Predicting breast cancer response to neoadjuvant chemotherapy with ultrasound-based deep learning radiomics models -- dual-center study.
Authors
Affiliations (6)
Affiliations (6)
- Department of Ultrasonography, The Tenth Affiliated Hospital of Southern Medical University(Dongguan People's Hospital), Dongguan, Guangdong, 523059, China.
- Department of Ultrasonography, The Tenth Affiliated Hospital of Southern Medical University(Dongguan People's Hospital), Dongguan, Guangdong, 523059, China. [email protected].
- Department of Ultrasonography, The Affiliated Tumor Hospital of Xinjiang Medical University, Urumqi, Xinjiang, 830011, China. [email protected].
- Southern Medical University, Guangzhou, Guangdong, 510515, China.
- Guangdong Medical University, Zhanjiang, Guangdong, 524023, China.

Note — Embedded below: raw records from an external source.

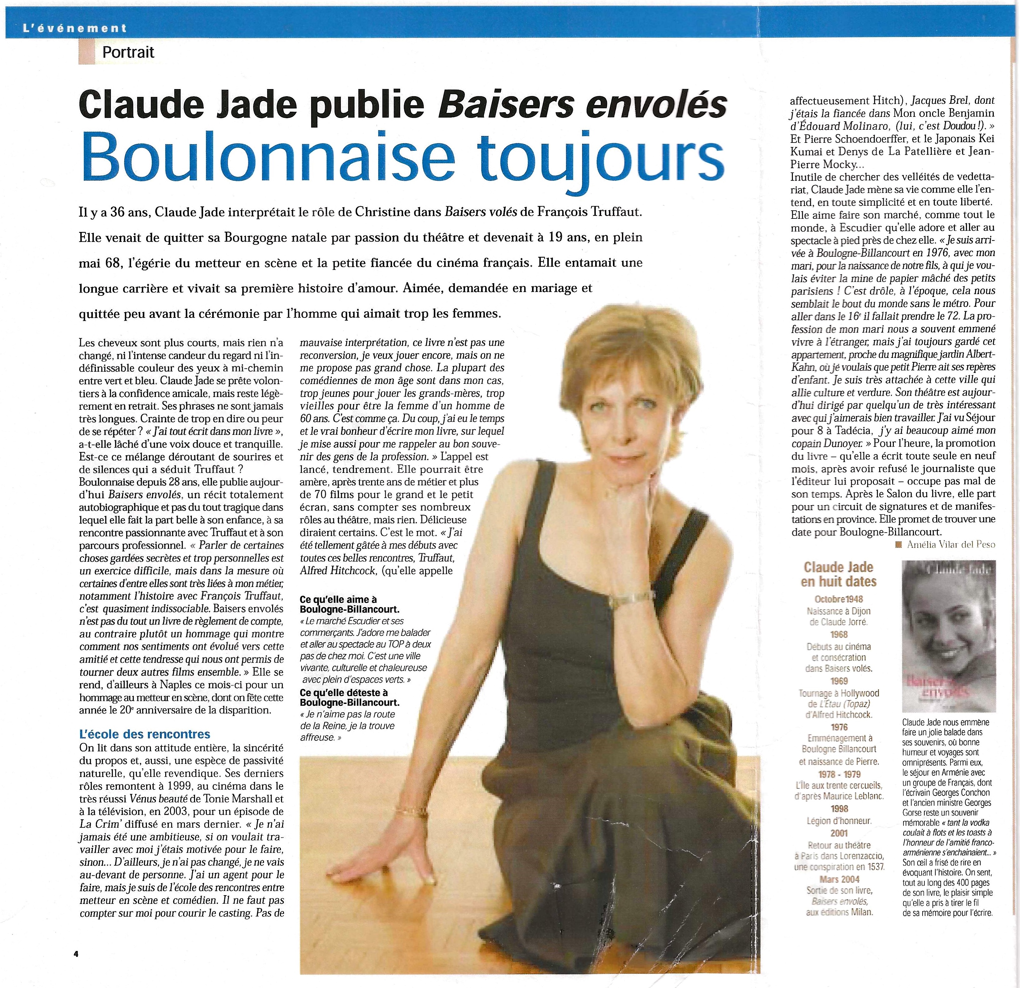 Am 5. März 2004 Erstausstrahlung von „La crim: Le secret“, im März veröffentlicht Caude Jade auch ihre Erinnerungen „Baisers envolés“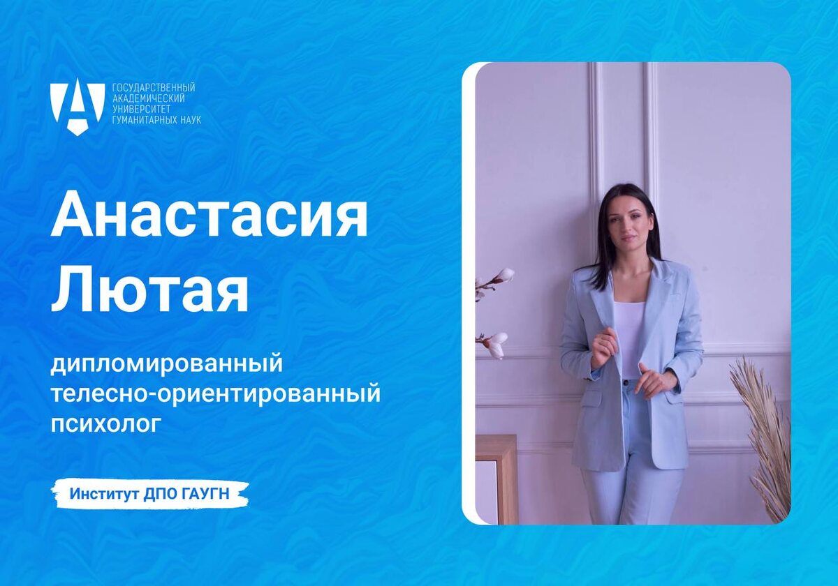 💆🏻 Представляем эксперта в телесной осознанности Институт ДПО ГАУГН рад представить эксперта, который поведет вас в мир телесной осознанности и эффективных практик – Лютую Анастасию! 👩🏻🏫 Анастасия Лютая – дипломированный телесно-ориентированный психолог с богатым опытом работы. За ее плечами годы практики, множество успешно проведенных консультаций и глубокое понимание взаимосвязи тела и психики. ✨ Но это ещё не всё! Анастасия Лютая – автор уникальной методики массажа, сочетающего ТОТ и медицинский массаж для глубокой релаксации и эмоционального высвобождения. 📋 Под руководством эксперта на курсе вы: 🏛 Получите глубокие знания в области телесно-ориентированной терапии. 🏛 Освоите практические техники работы с телом для решения различных психологических проблем. 🏛 Научитесь интегрировать телесные практики в свою профессиональную деятельность. 🏛 Получите ценную обратную связь и поддержку от опытного эксперта. «Телесно-ориентированная терапия не решит всех проблем, но она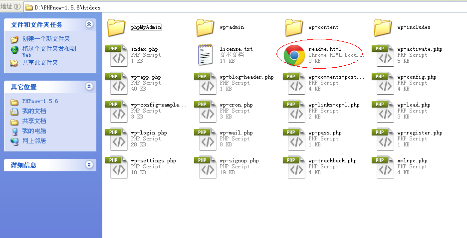 6.htdocs文件夹即为网站的根目录。将已解压的WordPress文件夹中的文件复制到htdocs文件夹中。完成后显示如下图内容,接着打开readme.html;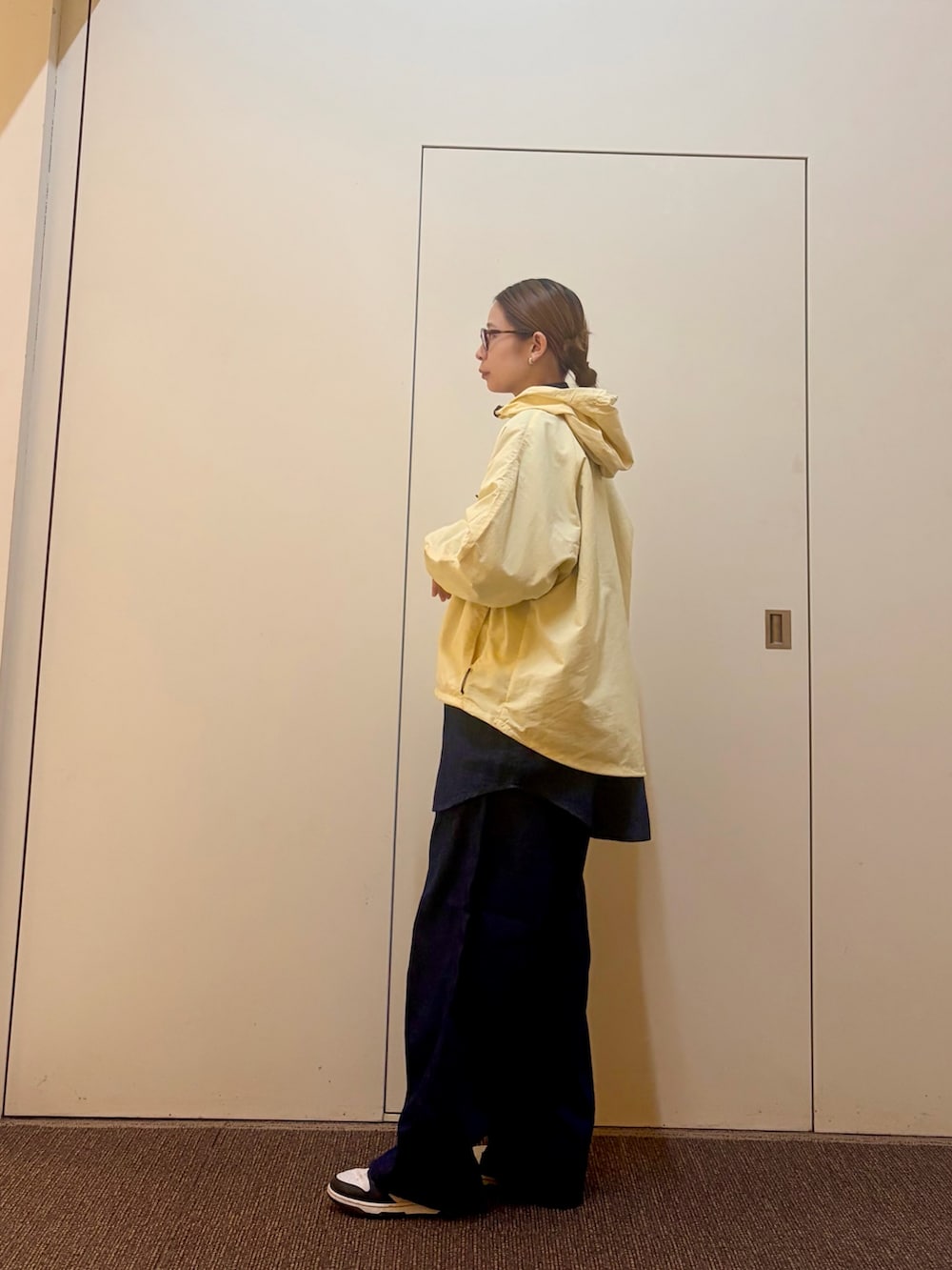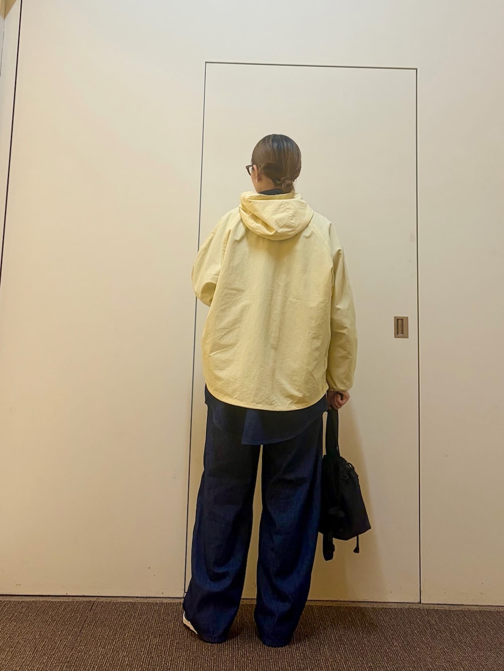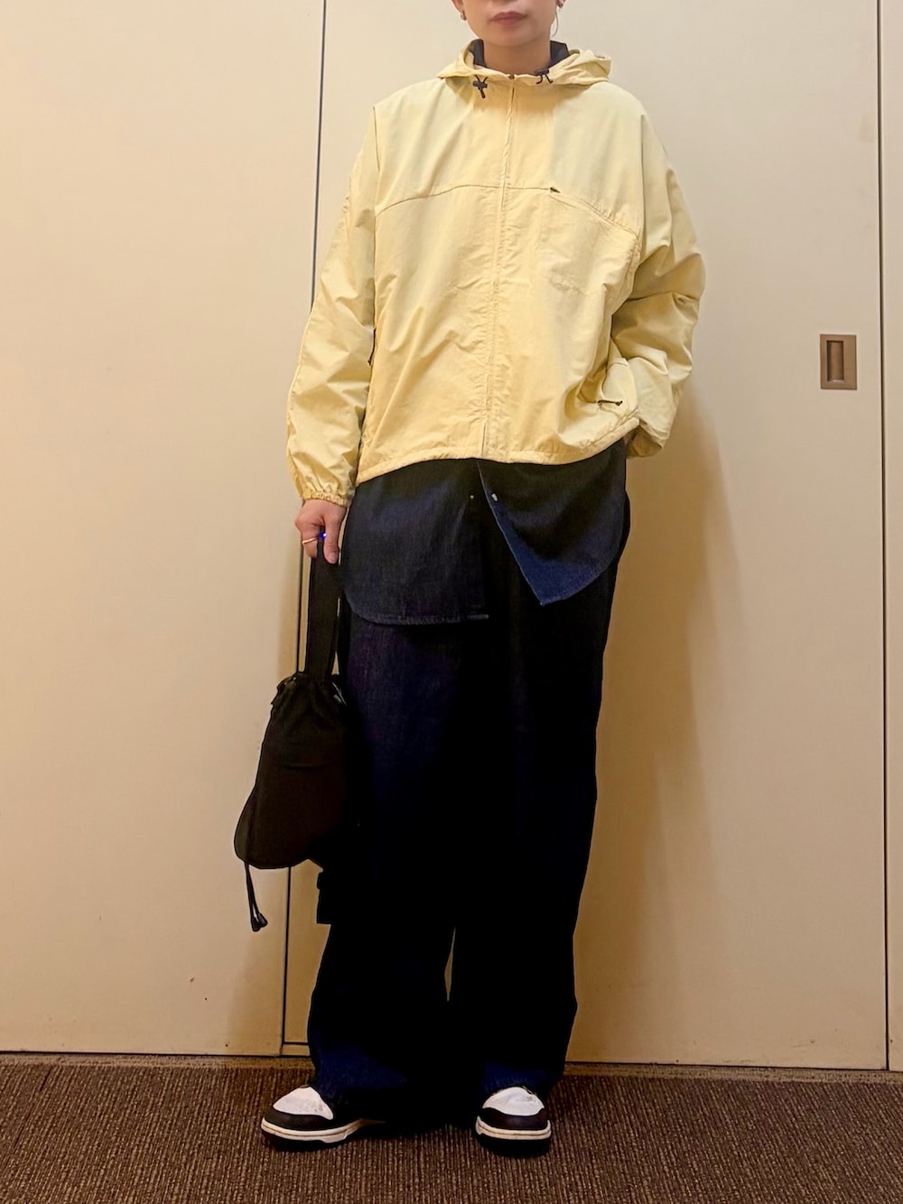 イエローのパーカーを合わせて

- Department of Ultrasonography, The Affiliated Tumor Hospital of Xinjiang Medical University, Urumqi, Xinjiang, 830011, China.
Abstract
The aim of this study is to develop and validate a deep learning fusion model based on early (two-cycle) ultrasound images, using stacking fusion technology for the intratumoral and peritumoral regions, to predict early tumor response in breast cancer patients receiving neoadjuvant chemotherapy (NAC). This study enrolled breast cancer patients who received 6 to 8 cycles of neoadjuvant chemotherapy (NAC) between May 2019 and September 2023 from two medical centers. In the training set, the ResNet deep learning method was employed to construct a deep learning model based on ultrasound image data from intratumoral and peritumoral regions. A deep learning fusion model was established using stacking technology, which was tested on internal and external validation sets to calculate the areas under the receiver operating characteristic curve (AUC) and clinical decision curve (DCA). A total of 469 breast cancer patients were included in this study. The AUC values of the fusion model DLRS3 in the training set for 3 mm ROI (ROI3mm), 5 mm ROI (ROI5mm), 10 mm ROI (ROI10mm), and intratumoral region (ROIin) were 0.858, 0.872, 0.919, and 0.848, respectively. The AUC values in the internal validation set were 0.890, 0.965, 0.915, and 0.840, respectively, while in the external validation set, they were 0.844, 0.886, 0.938, and 0.905, respectively. This study successfully developed a fusion model for predicting early tumor response in breast cancer patients receiving NAC. The model combines deep learning methods based on early NAC ultrasound images and demonstrates high predictive performance.